═════ DATA UNDER STUDY

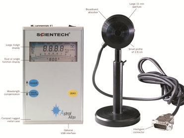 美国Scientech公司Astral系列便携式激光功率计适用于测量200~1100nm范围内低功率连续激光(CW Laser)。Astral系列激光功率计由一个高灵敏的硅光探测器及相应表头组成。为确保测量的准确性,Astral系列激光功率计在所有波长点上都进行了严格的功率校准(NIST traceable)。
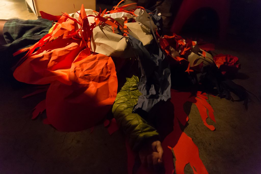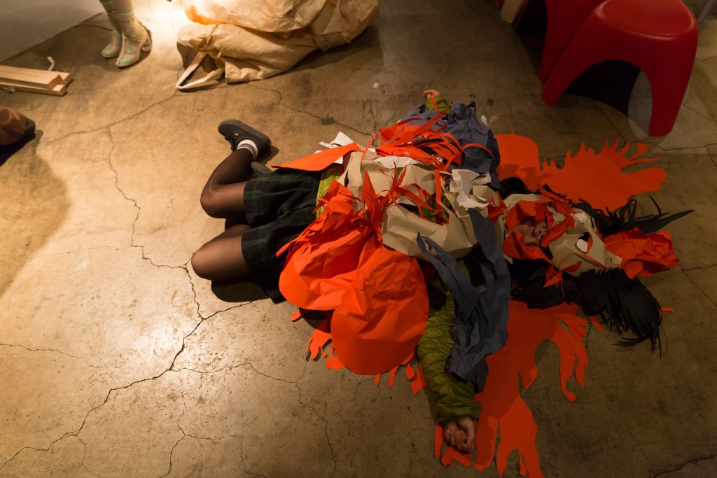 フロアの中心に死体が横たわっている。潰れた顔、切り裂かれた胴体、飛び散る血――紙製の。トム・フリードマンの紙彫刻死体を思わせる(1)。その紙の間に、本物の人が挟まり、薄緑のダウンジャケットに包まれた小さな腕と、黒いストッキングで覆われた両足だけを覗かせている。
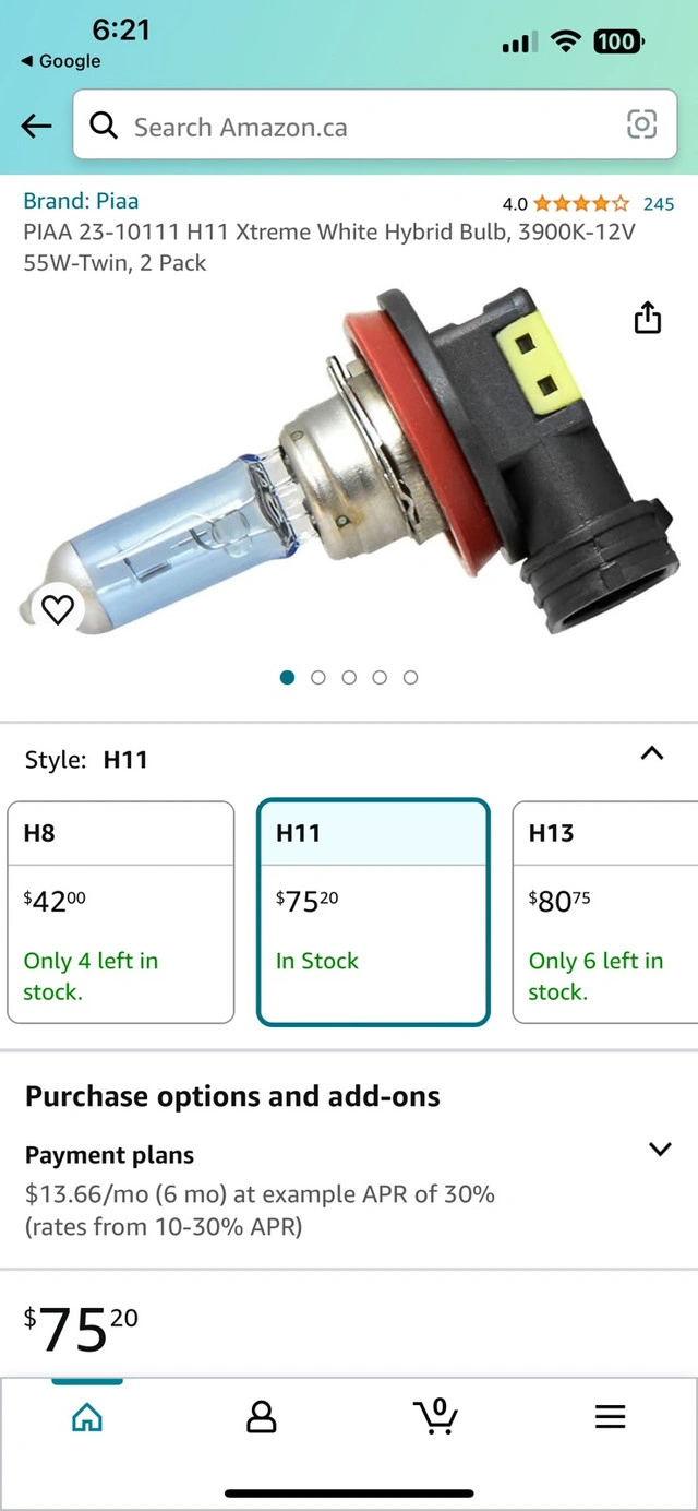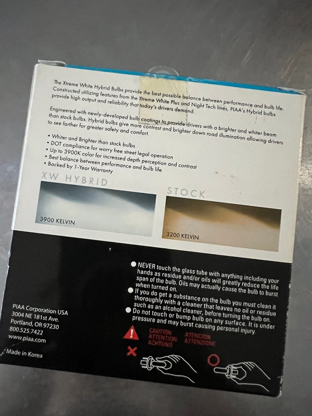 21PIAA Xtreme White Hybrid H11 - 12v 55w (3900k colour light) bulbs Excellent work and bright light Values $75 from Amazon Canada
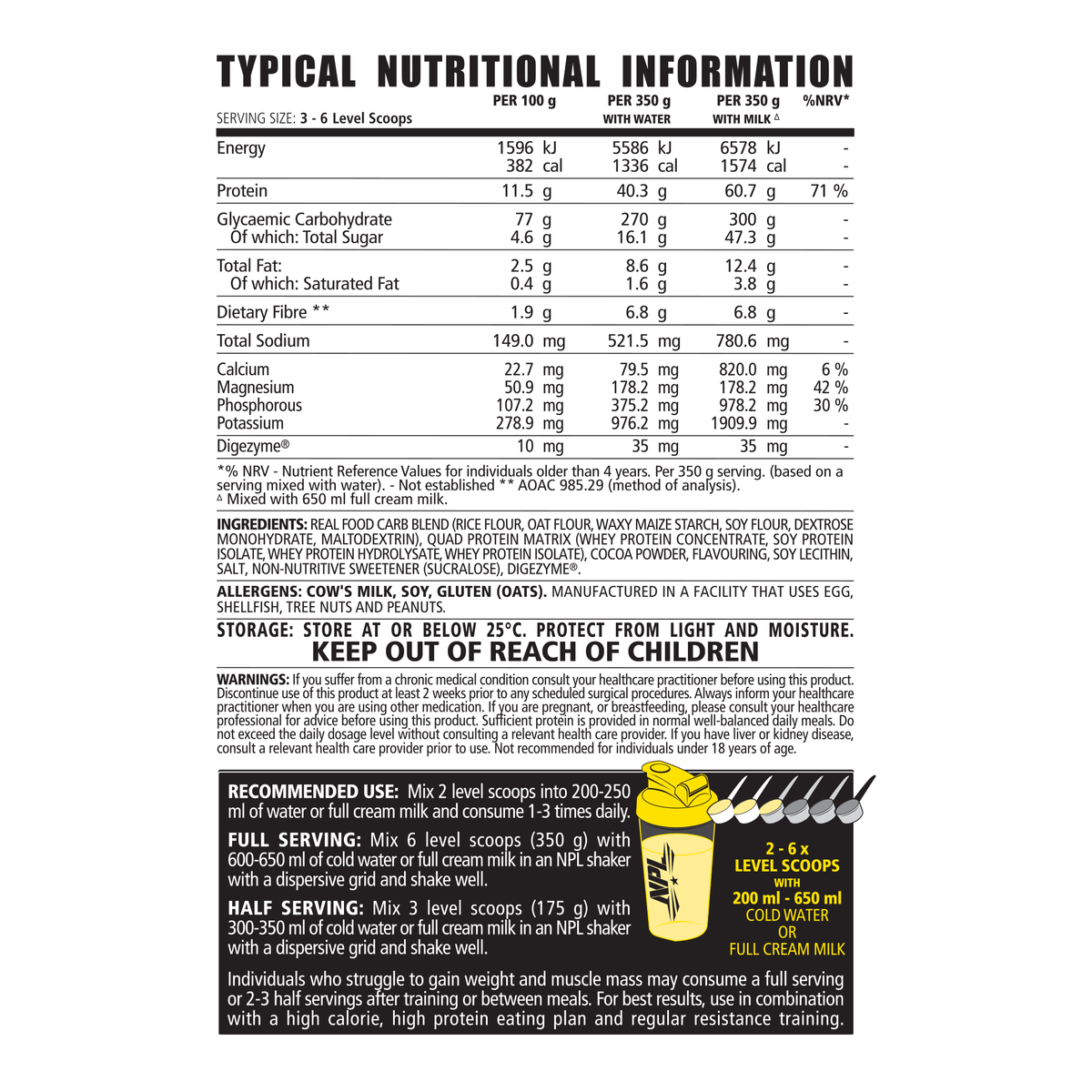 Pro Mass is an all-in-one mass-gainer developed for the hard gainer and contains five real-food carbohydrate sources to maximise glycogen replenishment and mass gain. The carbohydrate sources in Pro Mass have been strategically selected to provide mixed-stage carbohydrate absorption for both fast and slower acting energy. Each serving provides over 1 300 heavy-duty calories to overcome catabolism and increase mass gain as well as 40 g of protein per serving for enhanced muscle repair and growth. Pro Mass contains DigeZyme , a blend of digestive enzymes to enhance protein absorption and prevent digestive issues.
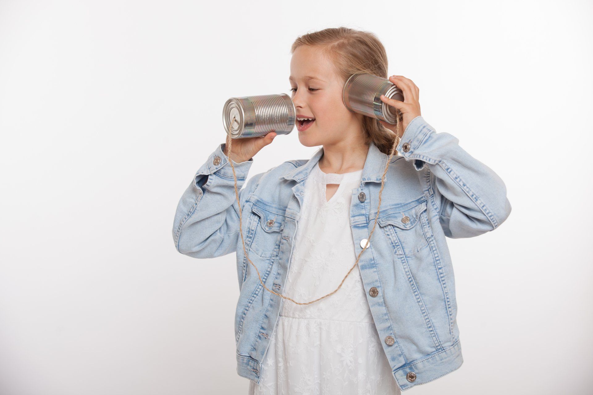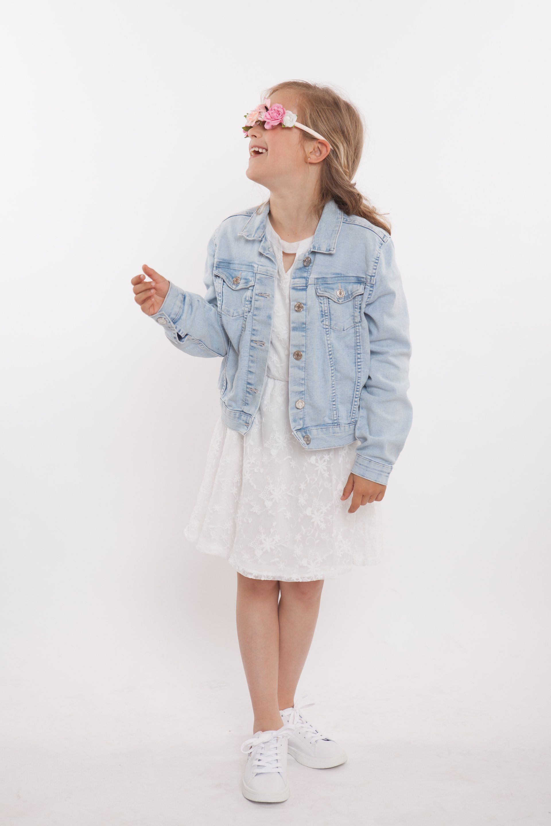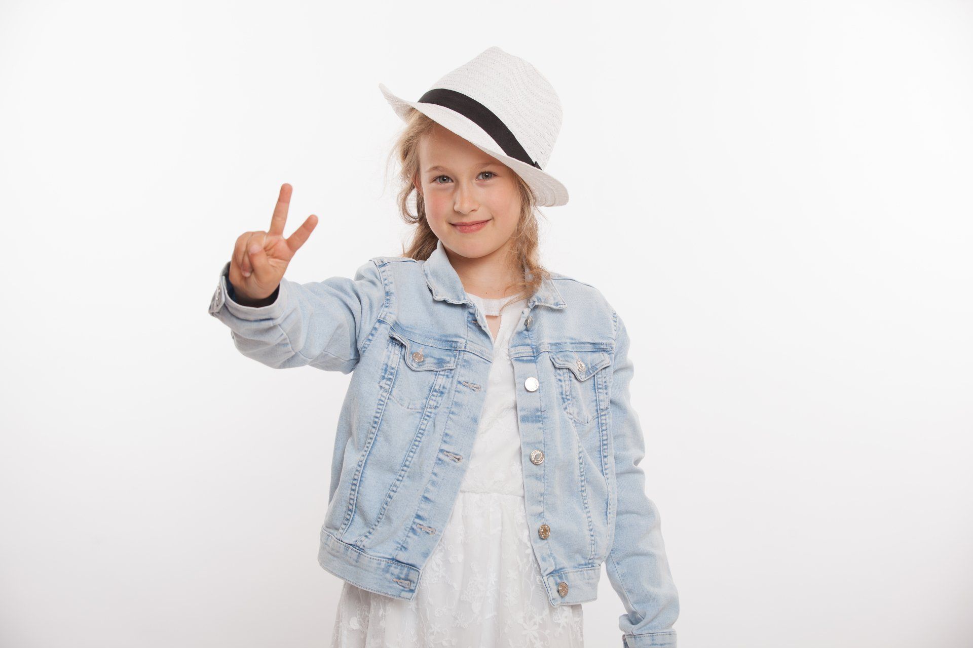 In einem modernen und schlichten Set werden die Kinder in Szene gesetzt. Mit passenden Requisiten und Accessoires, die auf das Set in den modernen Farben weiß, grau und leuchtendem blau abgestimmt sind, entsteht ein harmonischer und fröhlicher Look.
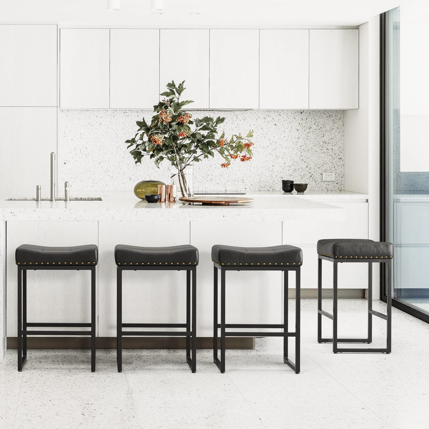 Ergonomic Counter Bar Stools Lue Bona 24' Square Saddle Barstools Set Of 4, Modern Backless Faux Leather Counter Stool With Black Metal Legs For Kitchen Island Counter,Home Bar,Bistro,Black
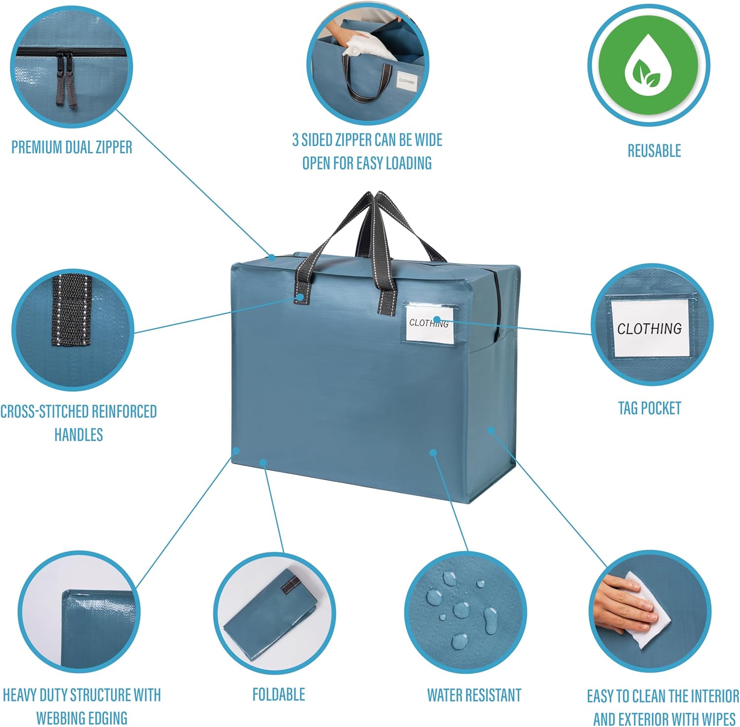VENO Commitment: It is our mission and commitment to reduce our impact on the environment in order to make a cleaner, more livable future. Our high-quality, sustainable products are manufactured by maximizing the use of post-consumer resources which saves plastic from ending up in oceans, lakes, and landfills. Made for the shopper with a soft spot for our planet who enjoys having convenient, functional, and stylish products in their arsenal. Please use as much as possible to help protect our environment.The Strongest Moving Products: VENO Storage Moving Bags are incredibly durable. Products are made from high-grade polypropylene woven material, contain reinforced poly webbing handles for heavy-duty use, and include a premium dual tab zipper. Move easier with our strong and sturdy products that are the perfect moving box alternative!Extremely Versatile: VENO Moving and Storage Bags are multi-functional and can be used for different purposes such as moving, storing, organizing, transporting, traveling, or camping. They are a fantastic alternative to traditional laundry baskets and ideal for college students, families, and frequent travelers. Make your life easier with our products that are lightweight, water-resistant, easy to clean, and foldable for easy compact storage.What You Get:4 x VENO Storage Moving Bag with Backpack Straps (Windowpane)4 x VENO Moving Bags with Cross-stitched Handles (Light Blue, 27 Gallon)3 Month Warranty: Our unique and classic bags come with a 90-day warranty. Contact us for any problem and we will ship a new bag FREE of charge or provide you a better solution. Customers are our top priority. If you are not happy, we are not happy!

══════════

TO DO: Nothing but an exact copy belongs in the answer: the lines from the top of the records through the line containing "21PIAA Xtreme White", minus the pictures.

ANSWER BOX:
 美国Scientech公司Astral系列便携式激光功率计适用于测量200~1100nm范围内低功率连续激光(CW Laser)。Astral系列激光功率计由一个高灵敏的硅光探测器及相应表头组成。为确保测量的准确性,Astral系列激光功率计在所有波长点上都进行了严格的功率校准(NIST traceable)。
 フロアの中心に死体が横たわっている。潰れた顔、切り裂かれた胴体、飛び散る血――紙製の。トム・フリードマンの紙彫刻死体を思わせる(1)。その紙の間に、本物の人が挟まり、薄緑のダウンジャケットに包まれた小さな腕と、黒いストッキングで覆われた両足だけを覗かせている。
 21PIAA Xtreme White Hybrid H11 - 12v 55w (3900k colour light) bulbs Excellent work and bright light Values $75 from Amazon Canada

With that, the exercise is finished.